The words wrongful death could conceal a multitude of everything from involuntary manslaughter to aggravated first-degree murder. How had this death happened? Joanna wondered. And who was ultimately responsible?
The hospital had paid the claim, or at least the hospital insurer had. Katherine O’Brien, nee Ross, had lost her nursing license as a result of what had happened, so presumably she had been held primarily accountable. Had she acted alone? What about David O’Brien, her future husband, who most likely had been a patient in the same hospital at the time of Mr. Diaz’s death?

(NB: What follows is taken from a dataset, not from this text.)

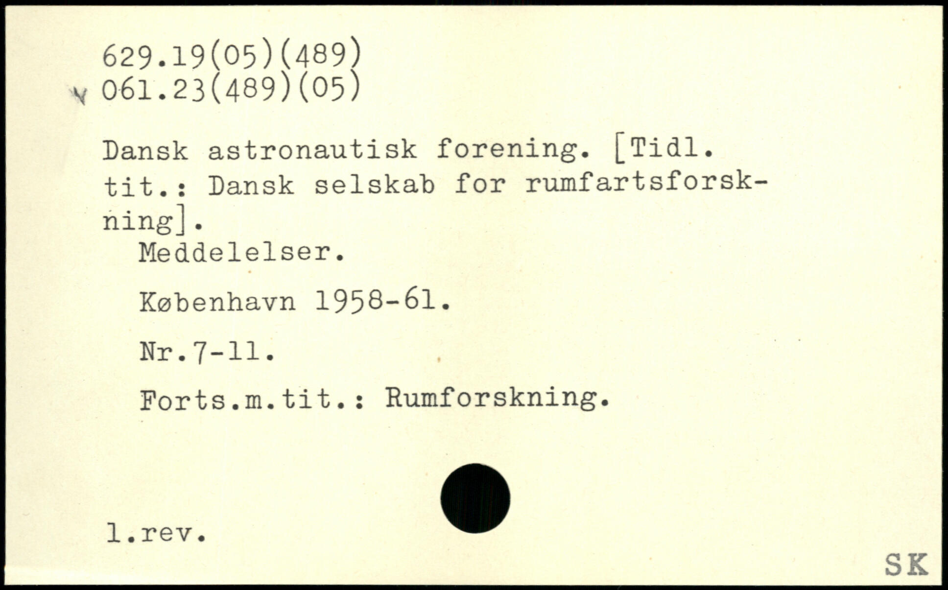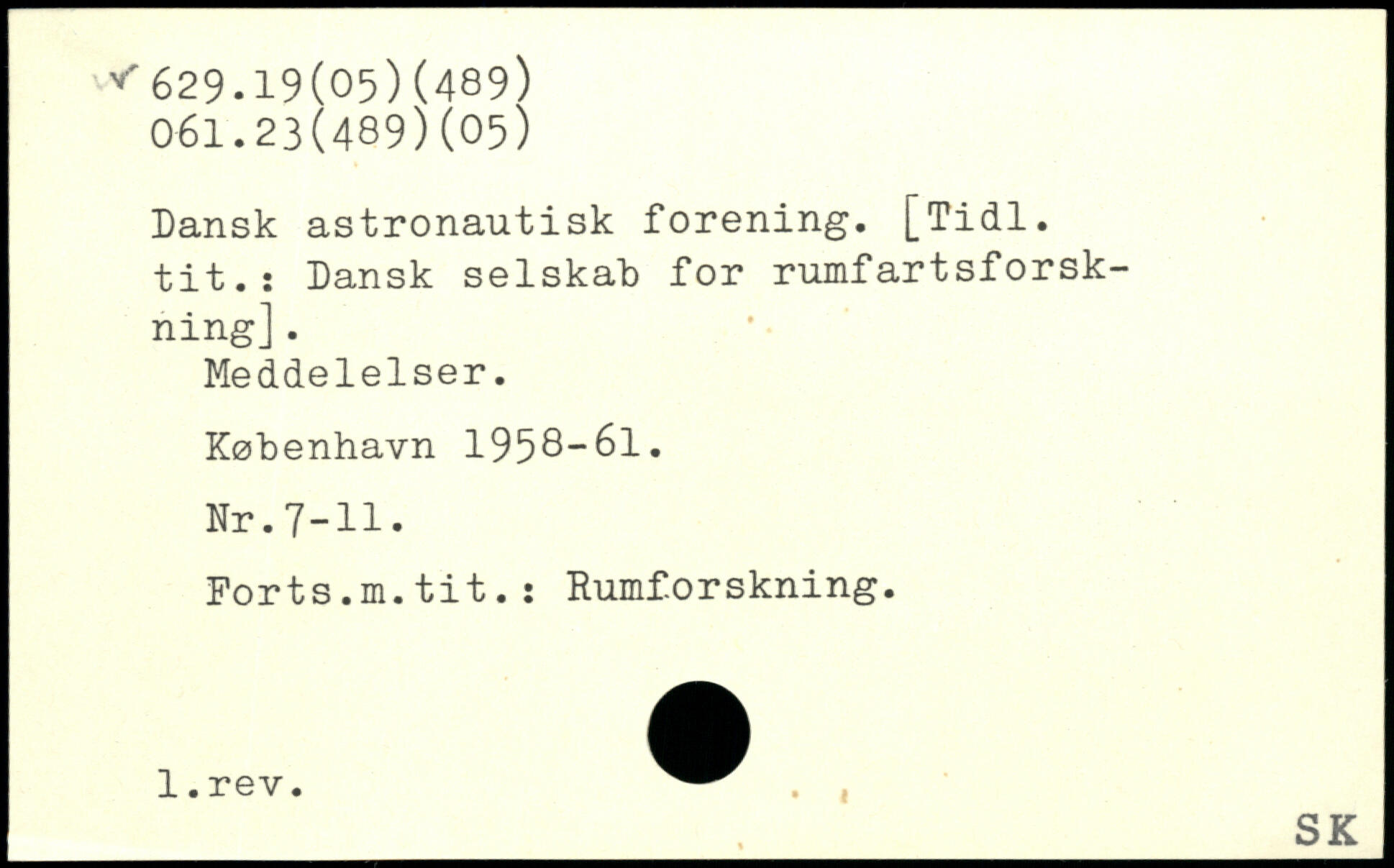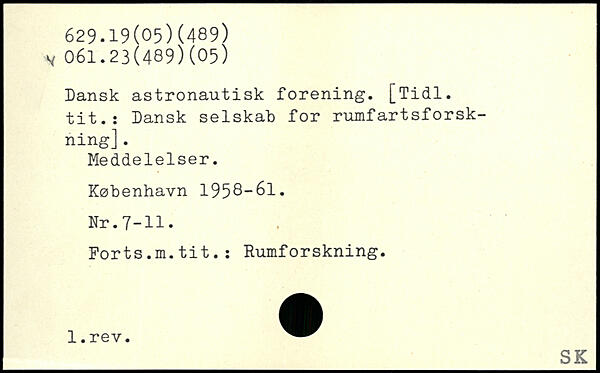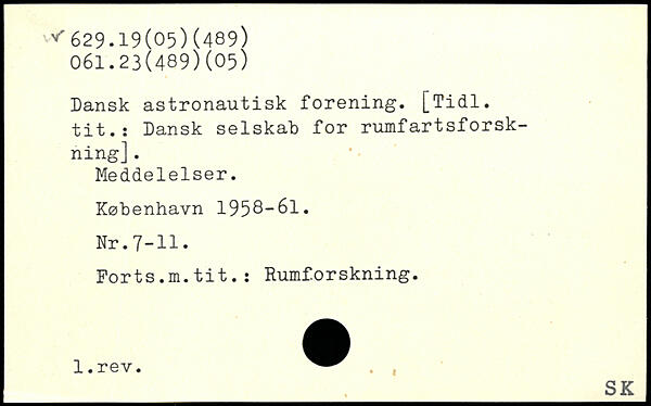 Dansk astronautisk forening. [Tidl. tit.: Dansk selskab for rumfartsforsk-ning]. Meddelelser.
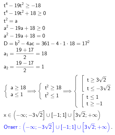 ответ: t ∈ (-∞;∞ -3√2] U [-1; 1] U [3√2 ; ∞) .

While Joanna stared off into space, her mind kept posing questions. What if, after all these years, while trying to figure out where to send her mother’s birthday card, Brianna O’Brien had somehow stumbled across the same information? What if she had confronted her parents about the roles they had both played in the other man’s death?
With a storm in her heart that very nearly matched the one blowing up outside her window, Joanna sat at her desk and considered. To everyone who knew them, Katherine and David O’Brien appeared to be a fine, upstanding couple. Supposing Bree, having discovered bits and pieces of their darker past, had threatened to expose them. Would they have killed their own daughter to keep that secret from becoming public knowledge?
After all, if the simple disobedient gesture of wearing a forbidden pair of earrings had merited a slap in the face, how would David O’Brien have responded to something much more serious?
CHAPTER TWENTY-THREE
Sitting there thinking the unthinkable and wondering whether or not the O’Briens were capable of murdering their own daughter, Joanna was startled out of her terrible reverie a few minutes later when the intercom buzzed once more. “Detective Capenter is on the line,” Kristin announced.
“What gives?” Joanna asked, picking up the phone. “Are you bringing Nettleton in?”
“Sending him,” Carpenter replied. “Nettleton, that is. Detective Carbajal picked him up for transport just a while ago. We arrested him on suspicion of possession of stolen property.”
“Stolen property?” Joanna echoed.
“That’s right. We found a ‘92 Honda that was reported stolen two days ago in Tucson. It was hidden in a shed at the very back of his lot. It hadn’t quite made it through his on-prem chop shop. Once we get around to tracking VINs on some of the other pieces of vehicles we found out on Sam’s back forty, there may be more besides.”